The bridge is replaced with a black Gotoh 510UB. The process was quite easy. All I had to do was remove the strings from the guitar. Remove the old bridge, which actually just slid off. Replace the bridge screws with the new ones and slide on the new bridge. A huge advantage of this bridge is that it locks in place and will not slide off when there are no strings on the guitar. Such a small thing, but makes a world of difference when restringing.
The knobs were the easiest. Just pull off the old ones and put on the new ones. I am not really sure if I want to keep these new speed knobs. They look a bit better, but feel a bit cheap and plasticky.
Here is the end result: Before / After.
The electronics
I started with the coil split. I replaced the tone pot with a 500kΩ push-push potentiometer. I also replaced the stock capacitor with a 0.047μF capacitor. This is the standard value for a coil split.
I followed a wiring diagram I found on Seymour Duncan’s wiring diagrams section and wired up the internals to match that of a two humbucker coil split setup.
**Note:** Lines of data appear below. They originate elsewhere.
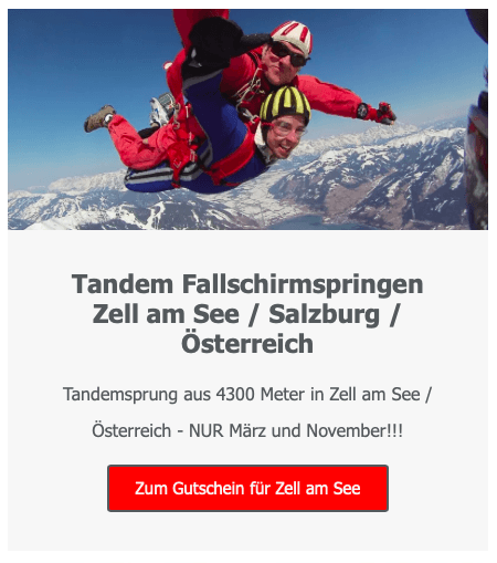 Wer schaut nicht gerne in die Berge, die weite atemberaubende Kulisse wenn man am Fuße der Alpen steht? Wir bieten hier die etwas andere Perspektive auf die schöne Berglandschaft in Zell am See. Beim Tandemsprung aus 4300 Meter Höhe ist es einfach nur ein gigantisches Abenteuer.
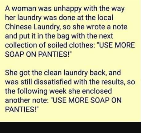 A woman was unhappy with the way her laundry was done at the local Chinese Laundry, so she wrote a note and put it in the bag with the next collection of soiled clothes: “USE MORE SOAP ON PANTIES!”
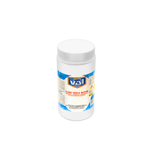 Línea Piscinas CAJA 20 unidades Cloro Piscinas Triple Acción 1 kg (Pote, 5 Tabletas) Especificaciones »

When I tried the coil split I was very underwhelmed. It sounded very weird, as if I was listening to my guitar signal through an AM radio. Very boxy and thin sounding. It was not just the low-end which was missing, it just sounded very off.
I did however really like the “dry-switch” the guitar had originally. So I thought about bringing it back. This meant I had to remove the coil split. Wire up everything to almost the original circuit and add a high pass filter to the push-push potentiometer.
What is a high pass filter? And how does a guitar pickup work?
In a nutshell electric guitars work very simple. The strings vibrate and create a magnetic field. This magnetic field is picked up by the magnets in a pickup and turned into an electric signal. This signal is then sent through the guitar’s components (volume and tone knobs) and then to the output socket.
All an amplifier does is pick up this signal and amplify it. The signal is then sent to a speaker which vibrates and creates sound.
This is however a very basic explanation, but I don’t need to go into more detail for this post.
A high pass filter (HPF) will take this signal and cut off the low frequencies of the sound. This means it will remove the bass frequencies from the signal while maintaining the higher frequencies.
I looked up a basic scheme and saw that it’s actually super simple. I just needed a capacitor and a resistor. I had a 10μF capacitor and a bunch of resistors, so I could figure something out here.
Testing and implementing the circuit
How did I land on these values? I didn’t. I just looked at the existing circuit and kind of guessed some of the values. Then I created a breadboard setup with two jack sockets to test out the circuit on the fly.
This allowed me to swap out components and see (hear) the effect it had on the sound. I opened up an EQ on my computer to also see the effect in action. When I was happy with what I heard I started re-soldering the components in my guitar to match the breadboard setup.
A push-push potentiometer allows me to switch the HPF on and off. This way I can switch between the original sound and the modified sound. I had to replicate the breadboard design on just a tiny part of the guitar’s circuit. And with just two components it was quite easy to do.
The end result
I am quite happy with the looks of the guitar. Might swap out the knobs, but that’s not really important. The bridge is a nice upgrade and the polished frets look and feel great.
The sound is also much better. The HPF really makes the guitar sound a lot brighter. It’s not as dark as it was before. Also without the HPF engaged the pickups sound a lot more open and clear.
I might take another look at the circuit later and actually do the math to figure out the correct components.